Stock Market: On February 23, the benchmark Sensex and Nifty indexes are probably going to open higher because the GIFT Nifty’s trends predict to a 39-point increase for the overall index.
The benchmark indices erased all of the previous session’s losses during the extremely volatile session, with buying across all sectors driving the Nifty to a new all-time high of 22,252.50.
The Nifty was up 162.50 points, or 0.74 percent, at 22,217.50, and the Sensex was up 535.15 points, or 0.74 percent, at 73,158.24 at the close on February 22. The Nifty is expected to find immediate support at 21,971, followed by 21,882 and 21,738 levels, according to the pivot point calculator. On the other hand, it may encounter immediate resistance at 22,252, followed by 22,348 and 22,492 levels.
The day after artificial intelligence poster child Nvidia’s stellar profits and forecast, investors flocked to growth and technology stocks, propelling the S&P 500 and Dow Jones Industrial Average to new closing highs on Thursday.
Both the Dow Jones Industrials, which closed at 39,069.11 after climbing 456.87 points, or 1.18 percent, and the S&P 500 ended at a record high, jumping 105.23 points, or 2.11 percent, to 5,087.03. For the first time ever, the Dow closed above 39,000 points.
The Nasdaq Composite reached 16,041.62 after gaining 460.75 points, or 2.96 percent.
The RBI MPC meeting in February focused mostly on inflation, according to the minutes.
The monetary policy committee (MPC) of the Reserve Bank of India (RBI) remained cautious about inflation readings because of the volatility of food prices, as per the minutes of the MPC meeting that were made public on February 22.
“The forecast for headline inflation is still highly volatile due to uncertainty surrounding food prices. In the minutes of the February round of monetary policy review, RBI Governor Shaktikanta Das stated, “Further risks to the inflation outlook are growing geopolitical tensions and supply chain disruptions due to new flashpoints.”
RBI Deputy Governor Michael Debabrata Patra stated, “Monetary policy must remain restrictive and maintain downward pressure on inflation while minimizing the output costs of disinflation.”
Recurrent food price shocks, according to RBI Governor Das during the February monetary policy review, carry a risk of disrupting the current deflationary trend and de-anchoring inflation expectations as well as broadening price pressures.
Angel One plans to use preferential issue, QIP, and other channels to fund up to Rs 2,000 crore.
According to the firm on February 22, Angel One plans to fund up to Rs 2000 crore through preferential issuance, QIP, or other means.

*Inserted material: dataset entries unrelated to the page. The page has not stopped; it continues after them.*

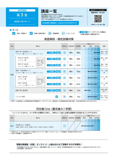 目的別講座高3生2025年1月スタート●マーク講座一覧目的別講座のみのお申し込みはできません。受験対策講座(対面/オンライン〈総合型・学校推薦型選抜対策プログラムを除く〉)と組み合わせて、お申し込みください。2024、2023年度高校グリーンコース同名講座と同一内容です。Webサイトへアクセス!講座を探す・申し込む目的別講座の受講期間は、高3生は2026年3月末までです。2024/11/15(金)公開:採点・添削あり:英語4技能を養う:映像授業:e-ラーニング英語資格・検定試験対策4月開講※のマークがついている講座は1学期以降通年で受講可能です。教科講座名授業形式授業時間年間講数標準難関講座レベル英語英検®準1級対策セット「レクチャー編」「トレーニング編(1)(2)」4月開講英検®準1級対策レクチャー編英検®準1級対策トレーニング編(1)(2)※セットでの受講が基本ですが、個別のお申し込みも可能です。4月開講4月開講英検®2級対策セット「レクチャー編」「トレーニング編(1)(2)」4月開講英検®2級対策レクチャー編英検®2級対策トレーニング編(1)(2)※セットでの受講が基本ですが、個別のお申し込みも可能です。英検®準2級対策TEAP対策4月開講4月開講4月開講123490分20講90分10講90分各5講90分15講90分5講90分各5講90分90分5講5講特別選抜56講師横井・守屋宮下・小山横井・守屋宮下横井・守屋宮下・小山木下・守屋堤木下・守屋堤木下・守屋堤守屋・横井宮下成川・森(千)安井・守屋*「英検®」は公益財団法人日本英語検定協会の登録商標です。このコンテンツは、公益財団法人日本英語検定協会の承認や推奨、その他の検討を受けたものではありません。河合塾One(最先端AⅠ学習)1レッスン5分から。AⅠが学力を瞬時に分析し、効率よく入試に必要な基礎学力を固めることができます。教科講座名授業形式授業時間年間講数標準難関1234特別選抜56講座レベル総合河合塾One(全教科)「英語」「数学」「古文」「物理」「化学」「生物」「日本史」「世界史」*「河合塾One」は、株式会社河合塾Oneが提供するAⅠオンライン学習サービスです。ただし、AⅠ学習機能は一部対象外の科目があります。*「生物」の学習範囲は、生物基礎のみです。受験対策講座(対面/オンライン)と組み合わせて受講するのが効果的!※目的別講座のみのお申し込みはできません。受験対策講座(対面/オンライン〈総合型・学校推薦型選抜対策プログラムを除く〉)と組み合わせてお申し込みください。※目的別講座は、認定不要です。
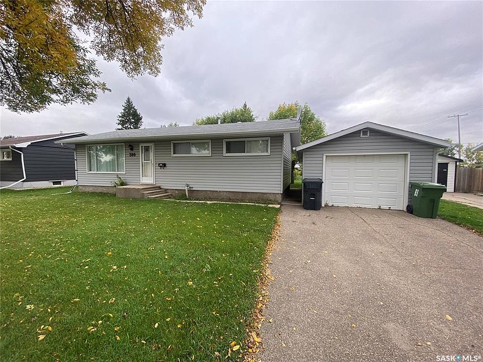 An excellent opportunity here with this 3-bedroom 1 bath bungalow which features 2 garages with second one measuring 24x32. If you require a woodshop or mechanical garage this is your place. The large kitchen area with ample cabinets and countertops faces the back of the home to overlook your massive backyard space. The dining area flows off the kitchen and adjoins with your large east facing living room area. Down the hallway 3 good sized bedrooms along with the 4-piece bath. Downstairs large rec room space along with a 4th bedroom. Laundry pair shares space with your mechanical room. Central Air conditioning in the home as well. Situated on the north end of the street and within walking distance of the two high schools and elementary school area. Make it yours today and it is available for a quick possession.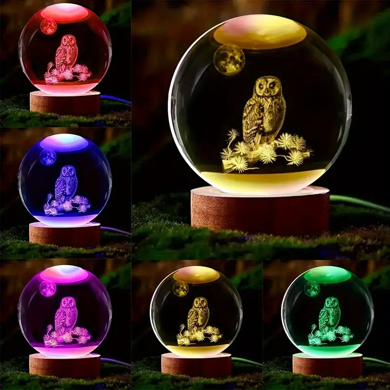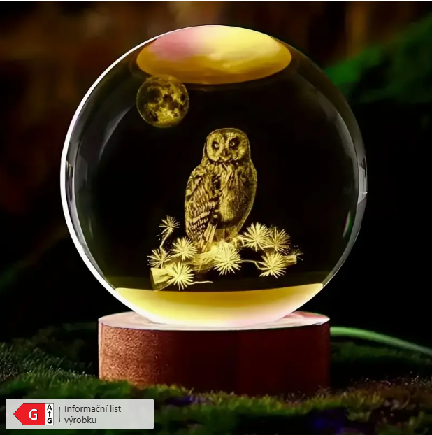 Noční světlo ve tvaru koule s motivem sovy s teplým světlem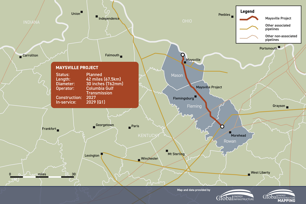 The Maysville Project is designed to provide 340,000 dekatherms per day of natural gas transportation capacity to serve the East Kentucky Power Cooperative’s Hugh L. Spurlock Power Station. The proposal includes construction of 42 miles of new 30-inch-diameter pipeline, a tie-in to the Columbia Gulf mainline, a new delivery meter station in Mason County, and three new mainline valves along the route.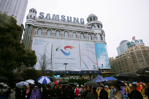 3月27日上午,“志愿世博 文明上海”中國2010年上海世博會志愿者標志、口號、歌曲發布儀式暨迎世博、講文明、樹新風“三五”志愿服務集中大行動在上海市五卅紀念廣場隆重舉行。中共中央政治局委員、中共上海市委書記、上海市世博會籌辦工作領導小組組長俞正聲出席儀式并揭曉上海世博會志愿者標志。上海市市長、上海市世博會籌辦工作領導小組副組長韓正、上海市人大常委會主任劉云耕、上海市政協主席馮國勤、市委副書記殷一璀等出席儀式。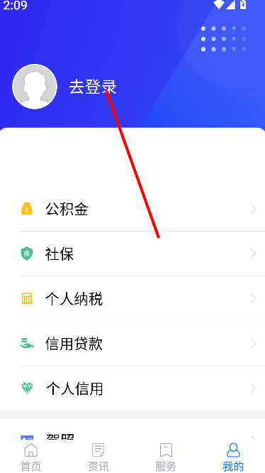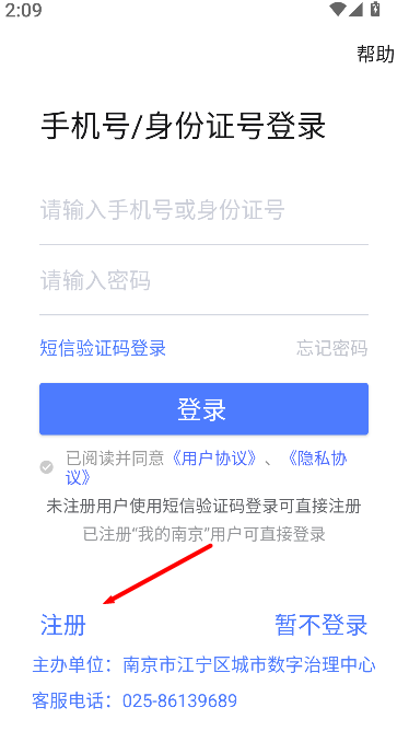 1、打开安装完成的《我的江宁》,进入首页后点击右上角的登录入口,进入账号登录页面。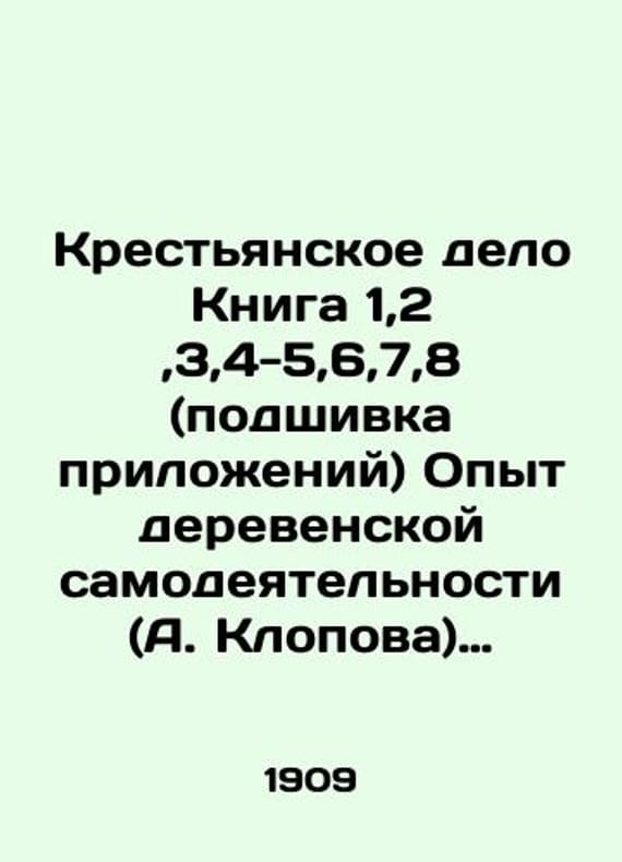 Peasant Affairs Book 1 2 3 4-5 6 7 8 (file) Experience of village amateur activities (A. Klopov) Proper care of bees (turf). On cultivation of fodder burrow in the middle Black Earth provinces (Sokovnini) In Russian (ask us if in doubt)/Krestyanskoe delo Kniga 1 2 3 4-5 6 7 8 (podshivka prilozheniy) Opyt derevenskoy samodeyatelnosti (A. Klopova) Pravilnyy ukhod za pchelami (dernova). O vozdelyvanii kormovogo buraka v srednikh chernozemnykh guberniyakh (Sokovnini)About Bacteria (Skalozhob) kn2-tape crops as a means of combating infertility and drought (gracians) About fish farming by rural owners (Borodina) What material should be used to build the roofs and walls of peasant estates (Tikhomirov) St. Petersburg Rural Gazette of 1909 Book 3 Rules of fruit sorting and packaging / trips of peasant walkers to Zhytomyr county Volyn province for familiarization with farm and bran farming / Educational about the importance of educational trips for peasant youth / Improvement of meadows their care and fertilization / Tobacco cultivation / kn 4-5-Koza / Artonomy in Denmark / trips of peasant walkers to the Mohyl province etc / Book 6 How peasants should increase their land ownership with the help of peasant We have thousands of titles and often several copies of each title may be available. Please feel free to contact us for a detailed description of the copies available. SKUalb5d30dde9d7e48cc2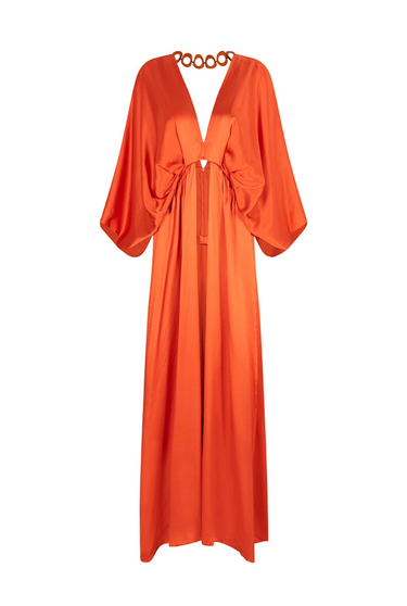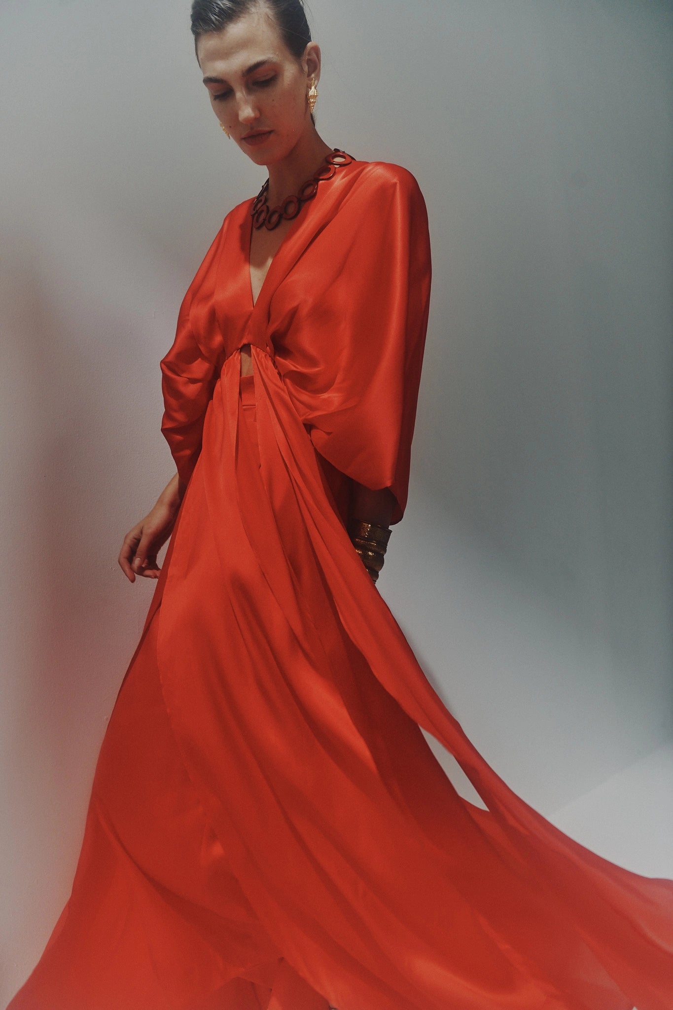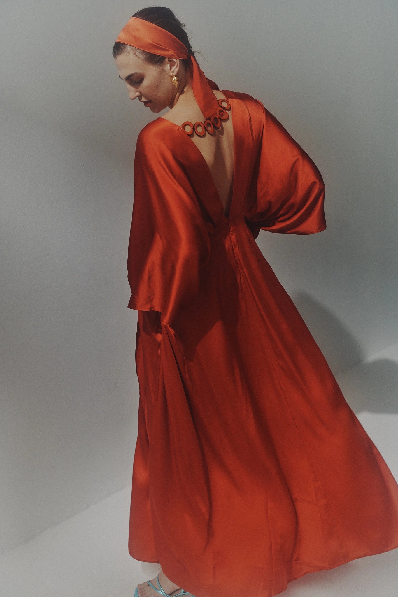 Long maxi dress in silk satin with open loose-flowing shape cut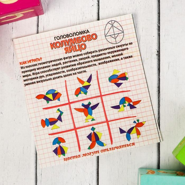 Головоломка «Колумбово яйцо» — это увлекательная и развивающая игра для детей от 3 лет. Она изготовлена из качественной тонкой фанеры и предназначена для развития мелкой моторики, логического мышления и зрительно-моторной координации у ребёнка.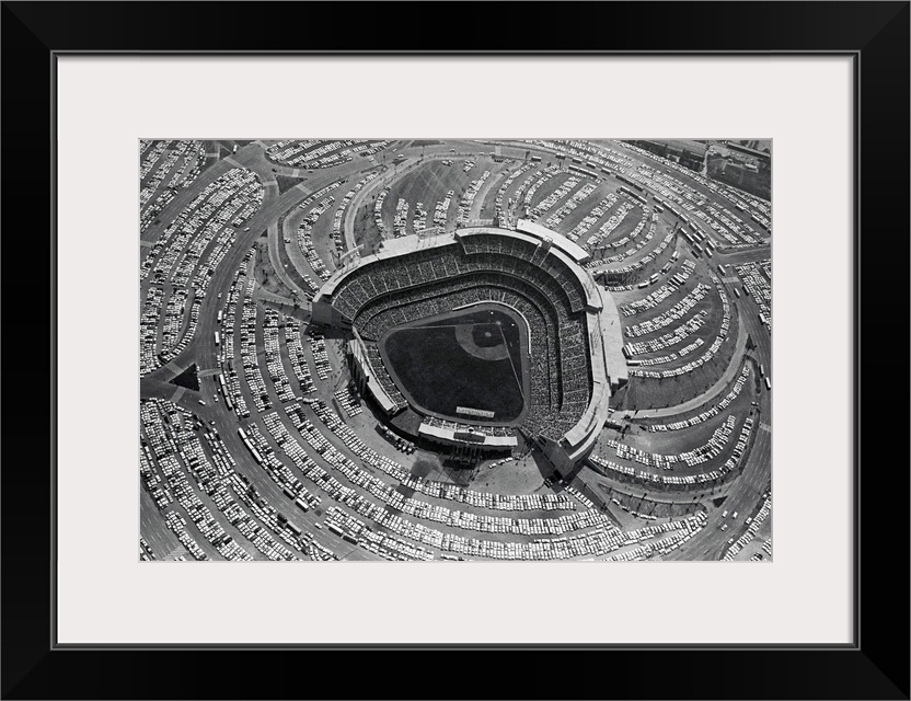 <p>Aerial view shows the new Dodger stadium as their opening day game got under way against Cincinnati before a 56,000 capacity crowd.</p>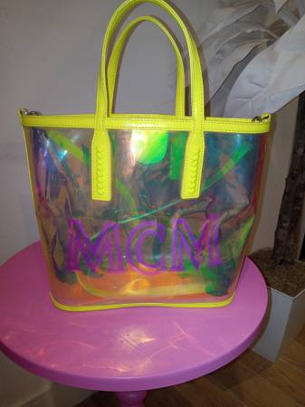Great condition - used $500 o.b.o - black MCM bucket bag medium size $300 o.b.o - pink / green (neon) transparent MCM tote bag medium size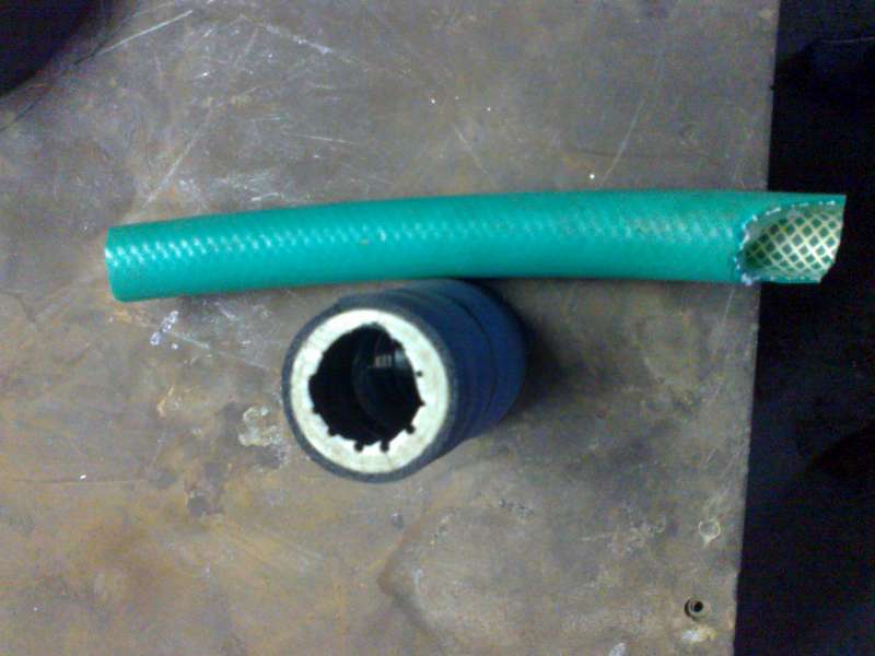 Hadice normální zahradní(jinou jsem nesehnal tak narychlo, uvidíme co to s ní bude dělat. Na jednom konci seřízlá, kvůli lehčímu průchodu plynů a na druhém konci roztáhnutá na průměr pasující do vývodu z odvětrání(trochu s přesahem aby líp těsnila). Nádobka je původem slánka nebo pepřenka ze skla, tudíž jsem ji obalil izolační páskou na trubky na pivní vedení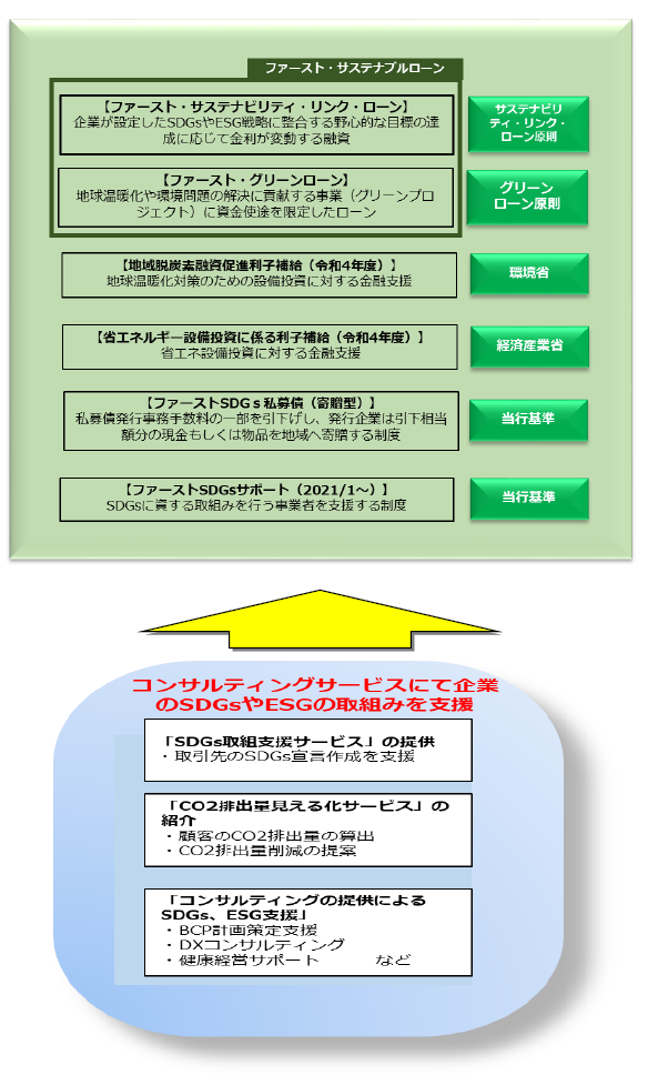 ファースト・サステナブルローンとは、取引先企業のSDGsやESGの取組みを資金面から支援するためのローンを取りまとめたものをいいます。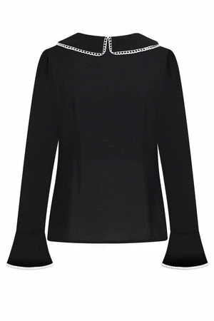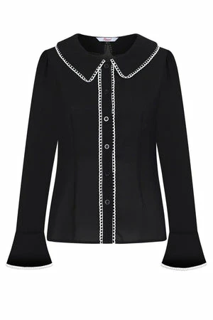 The vintage top has loop detail at the hem of the bell sleeves, peter pan collar, a round neckline and it fastens with buttons at the front.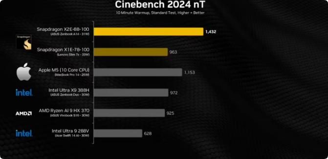 骁龙 X2 Elite - 1432(比 M5 快 24.2%,比骁龙 X Elite 快 48.7%)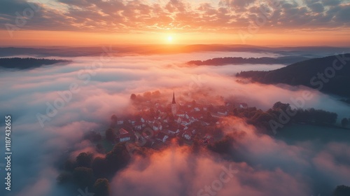 early morning drone view of foggy rural landscape with sunrise over small town in bavaria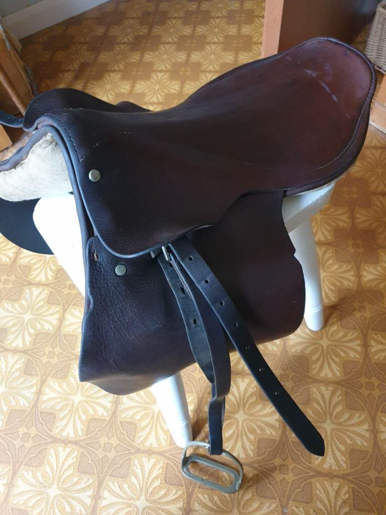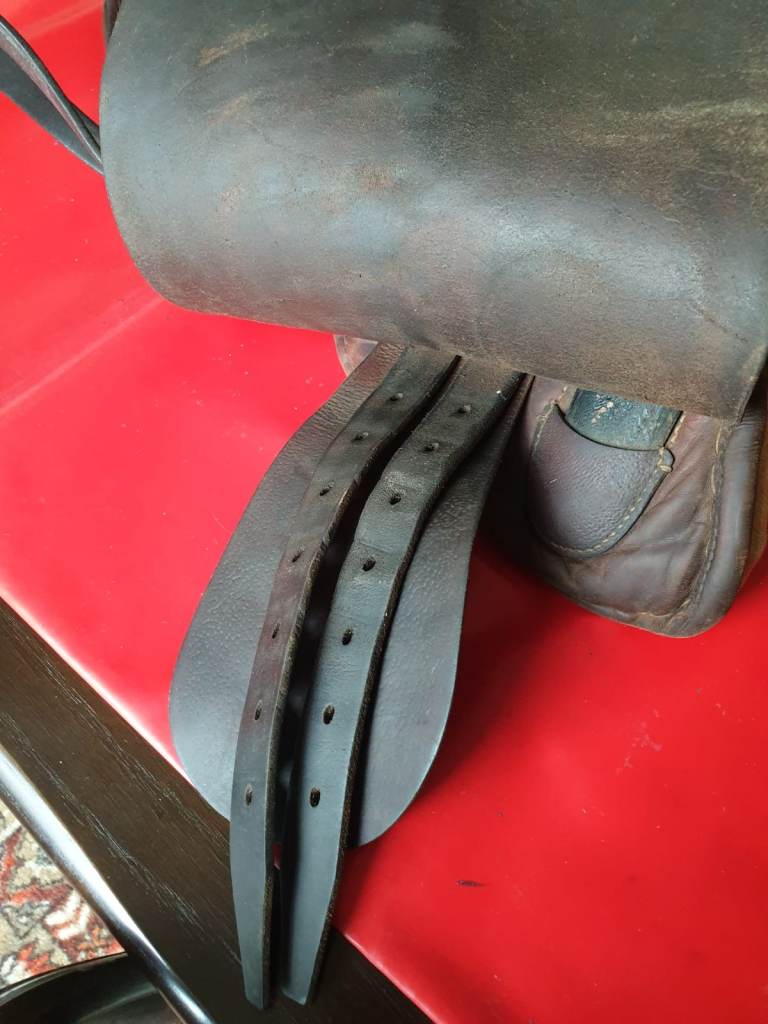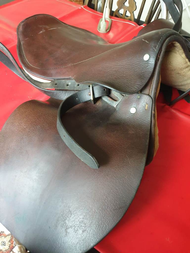 This saddle, with stirrups attached, is in fair condition and needs a little TLC but would still make a lovely usable saddle once oiled.

According to the company in a stock exchange filing, the goal of this fund raise is to increase and create financial flexibility to grow the business and take advantage of various emerging opportunities within the current and growing broking business as well as across the inorganic universe within the fintech space.
“The business intends to raise up to Rs 2,000 crore in equity funds, which will not only enable it to retain fiscal prudence in its endeavor to establish Angel One as a premier fintech platform, but also expand its ability to invest beyond the available resources.,” stated the business.
India ratings see 6.5% GDP growth in FY25 and “bullish” indicators for private capital expenditure
India Ratings and Research projects that in 2024–2025, the country’s GDP would expand by 6.5 percent. The statistics ministry’s initial advance estimate of 7.3 percent for the current fiscal year would indicate a fall from this, although the likelihood of the private investment cycle is encouraging for the economy.
Voda Idea to talk about funding on February 27th: mulls rights issue, QIP, FPO, and other ways
The telecom business owned by the Aditya Birla Group, Vodafone Idea, announced in an exchange notification that it will discuss financing during a board meeting on February 27.
Examine and assess all offers for raising money in one or more tranches through a rights issue, additional public offering, private placement with preference allocation, placement with qualified institutions, or any other acceptable method, alone or in combination, as may be deemed suitable, the business said. This covers plans to issue convertible debentures, warrants, equity shares or securities convertible into equity shares, warrants, and/or non-convertible debentures, including non-convertible debentures combined with warrants, which might or might not be listed.
NSE stocks prohibited from F&O
The NSE has retained Ashok Leyland, Balrampur Chini Mills, Bandhan Bank, Biocon, GMR Airports Infrastructure, GNFC, Hindustan Copper, Indus Towers, National Aluminium Company, Piramal Enterprises, PVR INOX, RBL Bank, and Zee Entertainment Enterprises on the F&O ban list for February 23. Aditya Birla Fashion & Retail and SAIL have been added to the list. India Cements and Canara Bank were taken off the aforementioned list.
Data from FII and DII
On February 22, provisional data from the NSE revealed that domestic institutional investors (DIIs) purchased equities worth Rs 1,823.68 crore, while foreign institutional investors (FIIs) net sold shares worth Rs 1,410.05 crore.